WHAT THE EXERCISE ASKS: Although the entries contain pictures, only their text goes into the copy, set down exactly.

MATERIAL SUPPLIED:
※
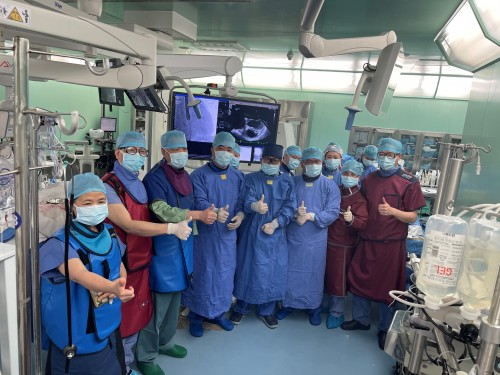 2021年4月21日,复旦大学附属中山医院葛均波院士携周达新教授、潘文志教授、张晓春教授、陈莎莎医师,在心超科舒先红教授、潘翠珍教授、李伟教授,麻醉科缪长虹教授、郭克芳教授,心外科魏来教授等多学科团队的密切配合下,成功完成汇禾医疗自主研发的K-Clip™经血管三尖瓣修复系统临床试验的首例植入。手术的成功同时也标志着K-Clip™顺利打响临床“第一枪”,国产三尖瓣介入器械研究迈入新征程。
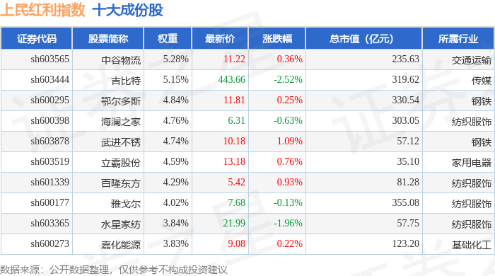 证券之星消息,11月11日,上民红利(000153)指数报收于3244.66点,跌0.09%,成交44.29亿元,换手率0.94%。当日该指数成份股中,上涨的有20家,武进不锈以1.09%的涨幅领涨,下跌的有10家,梅花生物以3.54%的跌幅领跌。
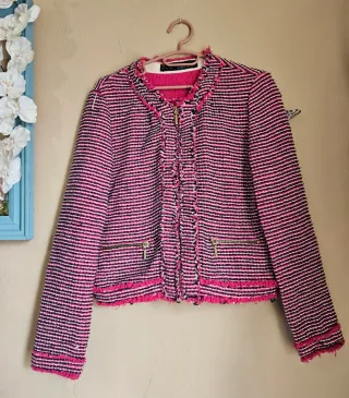 Chaqueta de la marca Zara con un diseño vibrante. - Tejido texturizado con rayas finas. - Detalle de flecos en cuello y puños. - Cremallera frontal. - Bolsillos con cremallera.
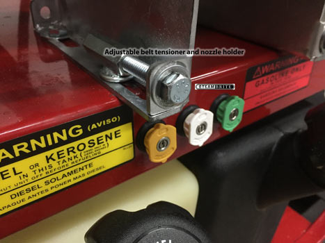 Spent the last hour digging up all the pics and vids I could find on it. You’re missing half the tensioner, it must have vibrated out or it was misplaced and never made it back on. They call it Hydro Tek’s EZ Align belt tensioner. The carriage bolt needs to be run the opposite direction which provides the stand off for the custom hex rod the tensioner bolt pushes off of. Just tension it another way.
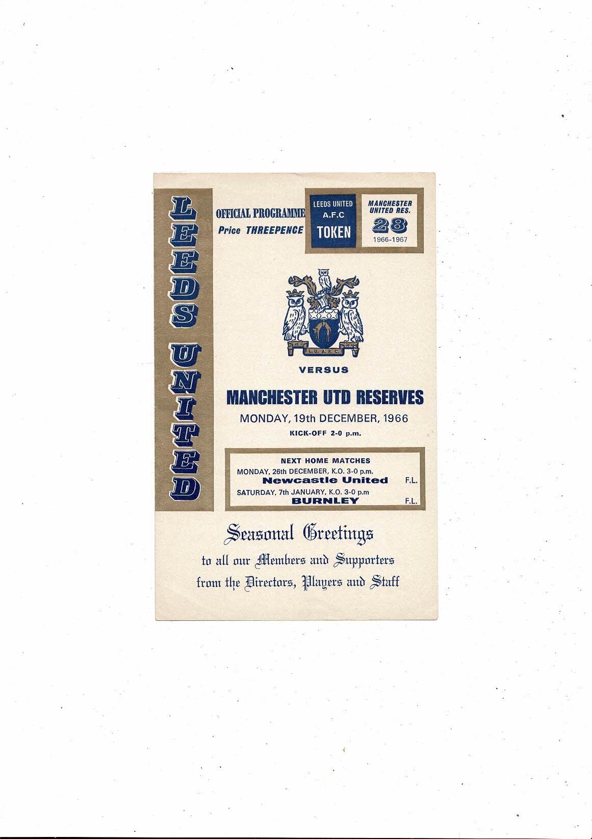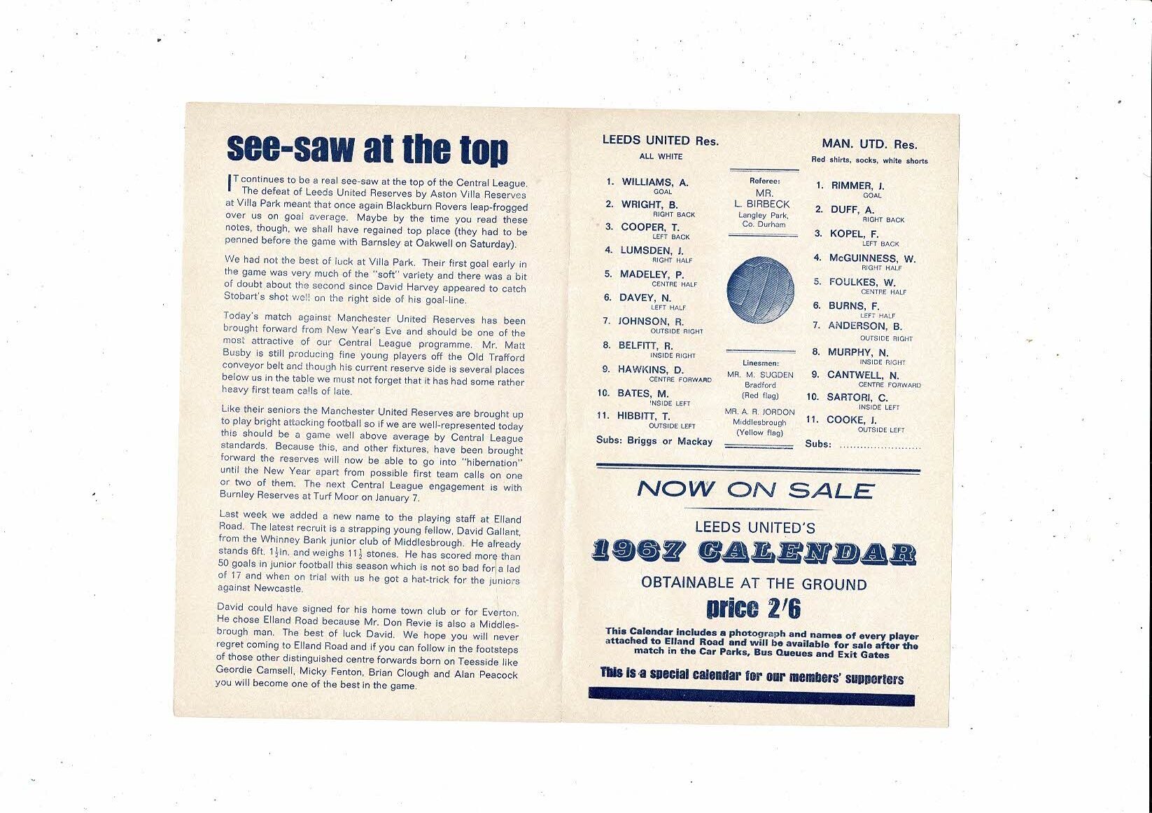 Leeds United v Manchester United Central League Football Programme 1966/67 19th December
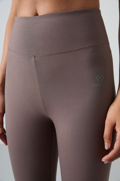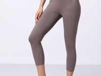 Brown High Waist Slim Fit Narrow Leg Women's Capri Tights - 93097
※
EXPECTED ANSWER:
 2021年4月21日,复旦大学附属中山医院葛均波院士携周达新教授、潘文志教授、张晓春教授、陈莎莎医师,在心超科舒先红教授、潘翠珍教授、李伟教授,麻醉科缪长虹教授、郭克芳教授,心外科魏来教授等多学科团队的密切配合下,成功完成汇禾医疗自主研发的K-Clip™经血管三尖瓣修复系统临床试验的首例植入。手术的成功同时也标志着K-Clip™顺利打响临床“第一枪”,国产三尖瓣介入器械研究迈入新征程。
 证券之星消息,11月11日,上民红利(000153)指数报收于3244.66点,跌0.09%,成交44.29亿元,换手率0.94%。当日该指数成份股中,上涨的有20家,武进不锈以1.09%的涨幅领涨,下跌的有10家,梅花生物以3.54%的跌幅领跌。
 Chaqueta de la marca Zara con un diseño vibrante. - Tejido texturizado con rayas finas. - Detalle de flecos en cuello y puños. - Cremallera frontal. - Bolsillos con cremallera.
 Spent the last hour digging up all the pics and vids I could find on it. You’re missing half the tensioner, it must have vibrated out or it was misplaced and never made it back on. They call it Hydro Tek’s EZ Align belt tensioner. The carriage bolt needs to be run the opposite direction which provides the stand off for the custom hex rod the tensioner bolt pushes off of. Just tension it another way.
 Leeds United v Manchester United Central League Football Programme 1966/67 19th December
 Brown High Waist Slim Fit Narrow Leg Women's Capri Tights - 93097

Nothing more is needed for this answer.